Ratio images of background-subtracted and spatially smoothed channels for mRFPmars and Flamindo2 were enhanced for pulsing cells assisted by supervised machine learning using AIVIA software (DRVISION Tech.). The image field was subdivided into 12,236 analysis ROIs (133 × 92 matrices of 110 × 110 μm2) and peaks on time series data for every ROI were detected using Mathematica. The wavefront and cumulative pulse-counts were analyzed in each analysis-ROI containing approximately 10 cells. The image reconstruction from these data was performed with a custom-built analysis pipeline using Excel, Mathematica, Matlab, and Fiji software. For peak detection, the sensitivity was tuned to detect > 1 pulsing cells/analysis-ROI. After obtaining a peak table for 900 frames of 12,236 analysis ROIs, those from the left half of the full-FOV were manually corrected to detect one pulsing cell/analysis-ROI with a ΔRatio of Red/FL2 (ΔR) > 5%. The pulse-count analysis at cell resolution was performed by manually tracking 4,233 cells in a 2.2 × 2.2 mm2 area for 500 frames corresponding to 4:00–8:10. High-pulsing clusters (Fig. 2g) were manually extracted and segmented after considering wave-initiating points. To quantitatively compare the cAMP pulse magnitude among cells (Supplementary Fig. 2a), we performed two-step normalization for ΔR. Considering the 1:1 stoichiometry of red and yellow Red-FL2 signals among cells, we pre-normalized the baseline ratio to 1.0 to cancel the different baseline ratios of distantly positioned cells caused by a slight imbalance of illumination strength over the image field. The maximum pre-normalized ΔR for > 300 cells by prolonged stimulation with 20 mM 8-Br-cAMP, a cell-permeable cAMP analog, was 5.540. Finally, we normalized pulse data from all examined cells by transforming the minimum (1.0) and maximum (5.5) pre-normalized ΔR to 0 and 1, respectively.

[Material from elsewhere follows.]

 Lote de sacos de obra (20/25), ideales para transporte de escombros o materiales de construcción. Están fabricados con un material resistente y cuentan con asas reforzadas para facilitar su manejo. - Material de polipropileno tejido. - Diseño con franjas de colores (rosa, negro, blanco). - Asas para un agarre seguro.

Phase and spatial resetting

Phase resetting of the cell population was performed by bath application of cAMP (final concentrations of 20 and 50 nM for early and late development, respectively)25,26. Spatial resetting was performed by intensive buffer mixing via pipetting, which detached the cells from the culture dish. These resettings were done at 6:15 or 9:00, corresponding to the pre- and post-critical periods of spiral formation, respectively. Both resettings cause forced excitation of the entire cell population, causing the cells to enter the refractory period. After recovery from the refractory period (15–20 min), the cells restarted cAMP pulsing to generate cAMP waves. The entire wave dynamics, including before and after resetting, was imaged every 30 s.